### Information provided

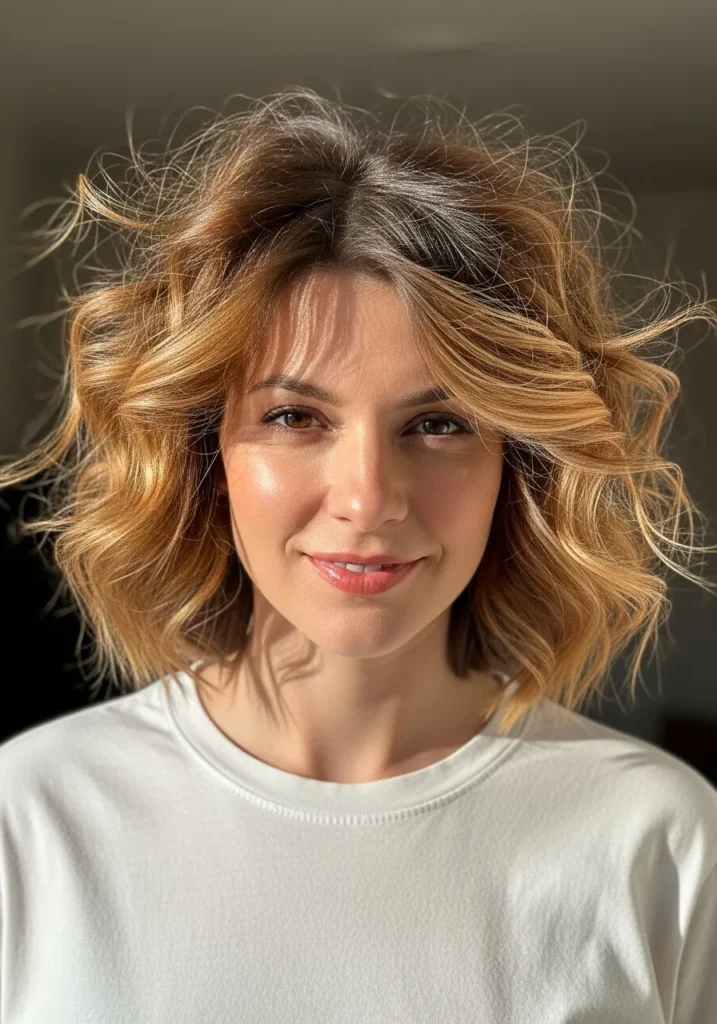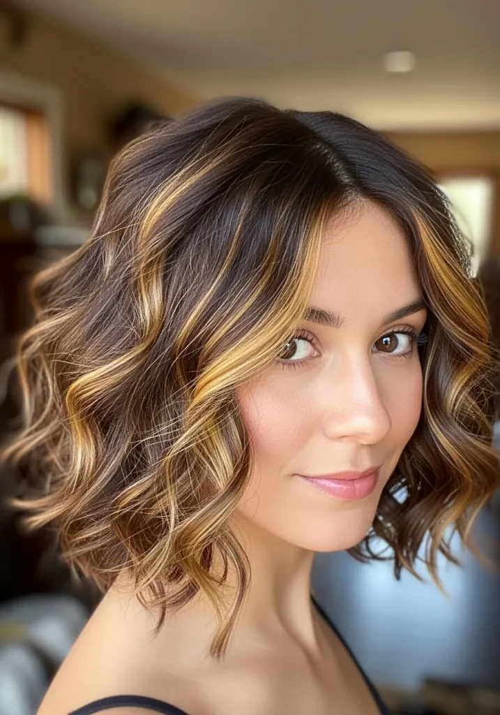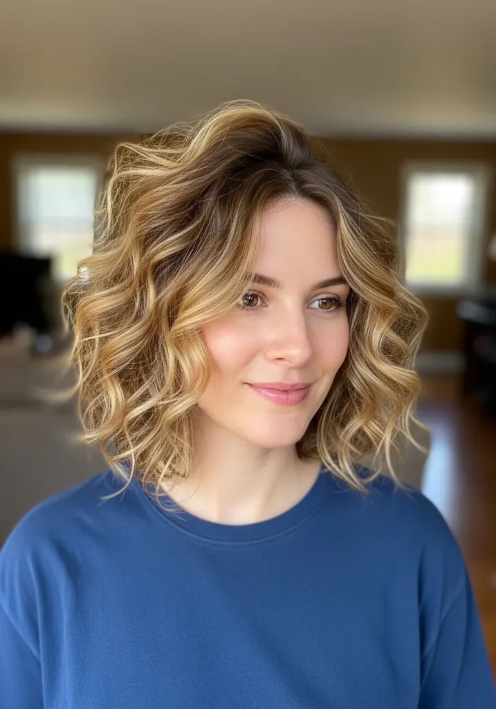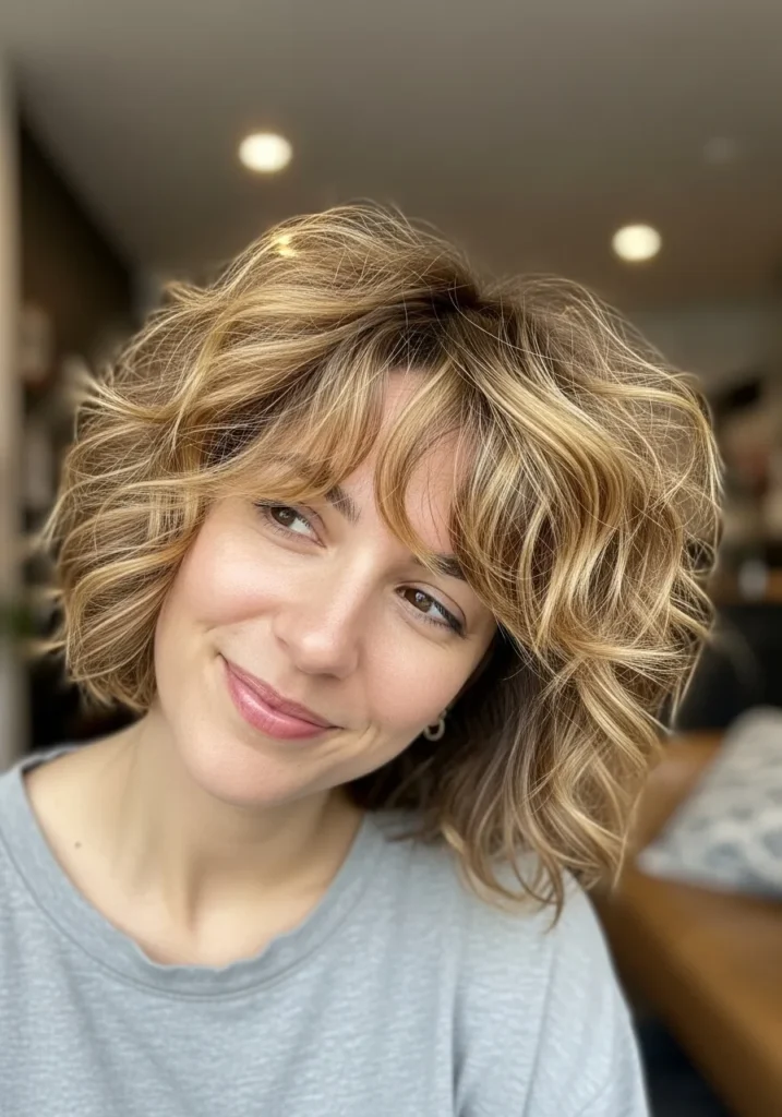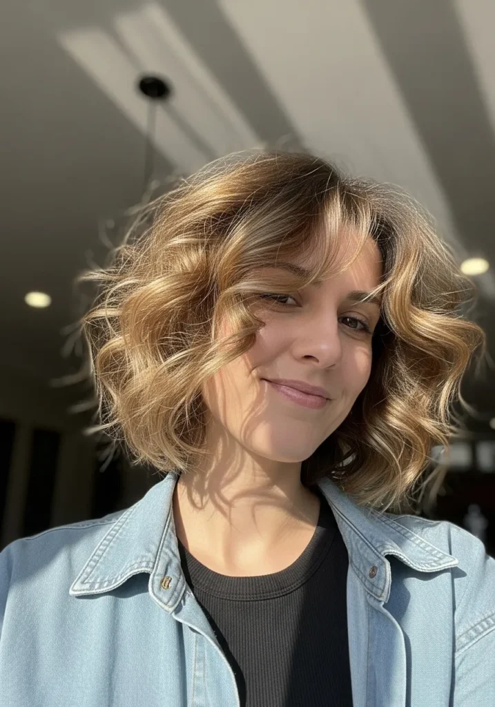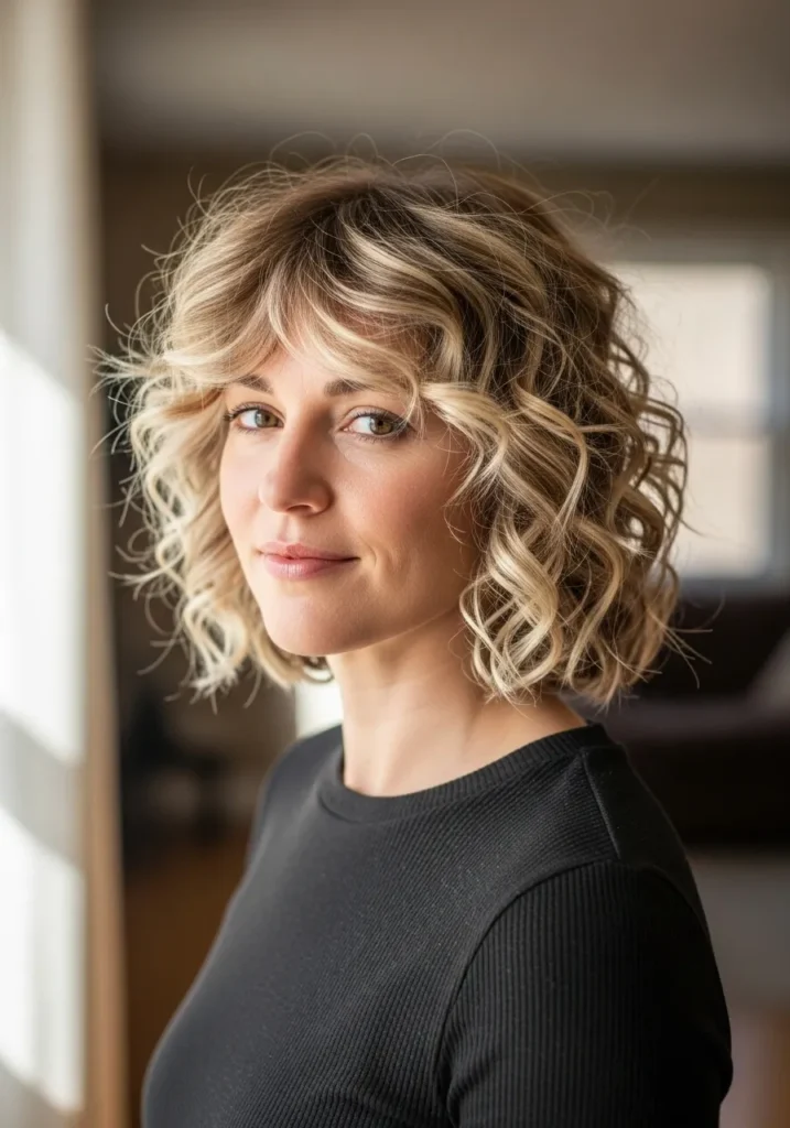 I love how this kind of bob instantly brightens my whole face without needing much styling effort. The layers stop the curls from weighing down and the highlights create that dreamy glow that makes my skin look warmer and softer. It is one of those styles that makes me feel put together even on a low maintenance day which is always a win in my book.
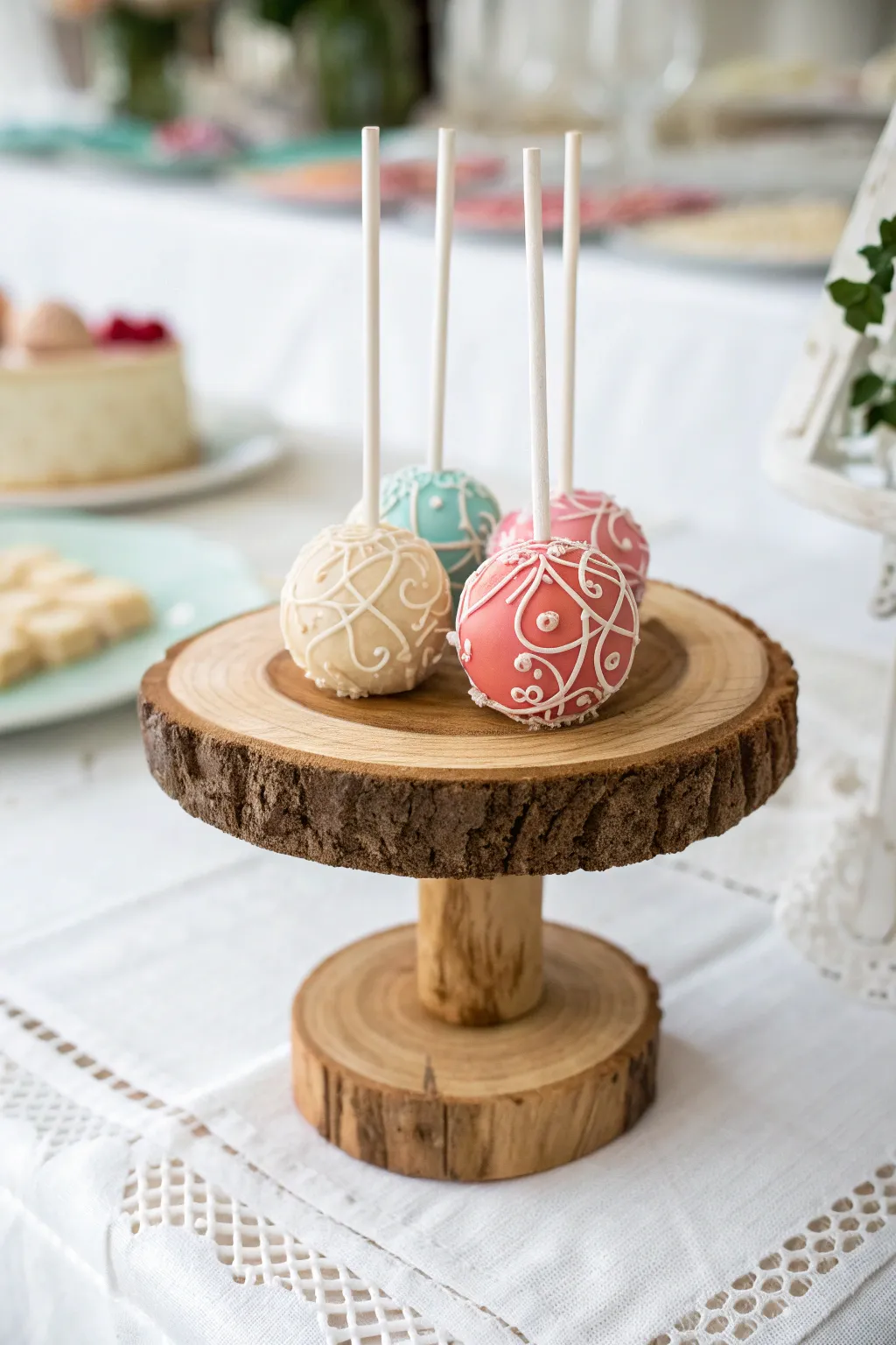 - Timber Heights Cake Pop Display: Exhibit your confectionery delights with a robust timber tiered display, incorporating allure and vertical dimension.
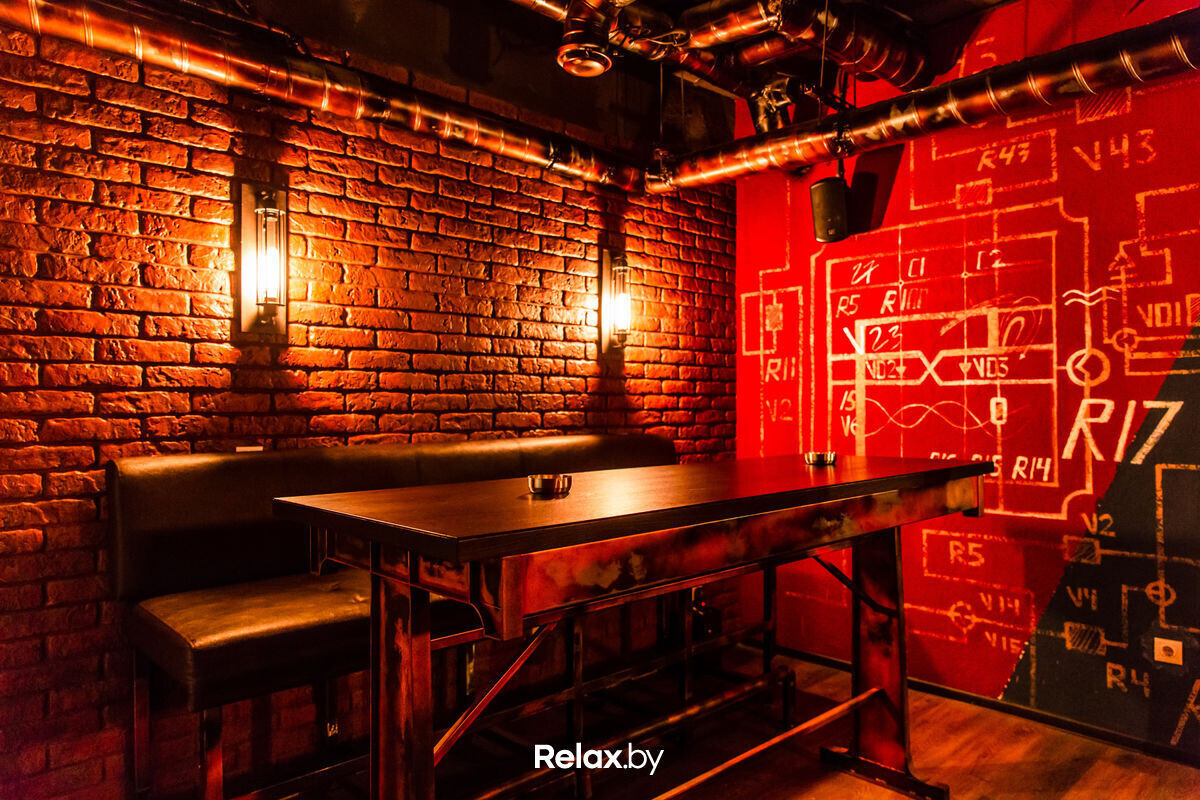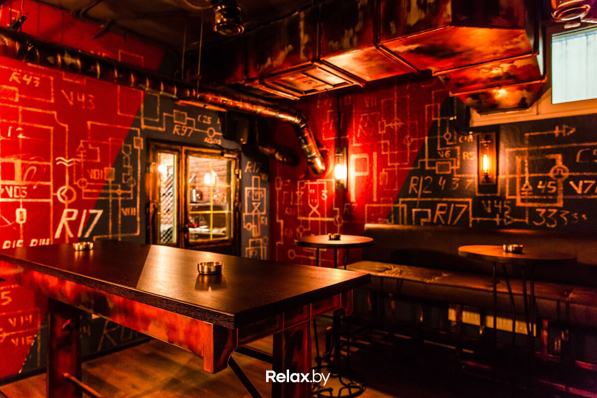 В самом заведении есть основной зал и курительная lounge-зона. В первом разместится сразу до 50 человек. Для этого установлены высокие барные столы и стулья. В курительной зоне можно заказать кальян или просто расслабиться в более уединенной обстановке.

### Assignment
Write out every line above again exactly, with the pictures left out.

### Task solution
 I love how this kind of bob instantly brightens my whole face without needing much styling effort. The layers stop the curls from weighing down and the highlights create that dreamy glow that makes my skin look warmer and softer. It is one of those styles that makes me feel put together even on a low maintenance day which is always a win in my book.
 - Timber Heights Cake Pop Display: Exhibit your confectionery delights with a robust timber tiered display, incorporating allure and vertical dimension.
 В самом заведении есть основной зал и курительная lounge-зона. В первом разместится сразу до 50 человек. Для этого установлены высокие барные столы и стулья. В курительной зоне можно заказать кальян или просто расслабиться в более уединенной обстановке.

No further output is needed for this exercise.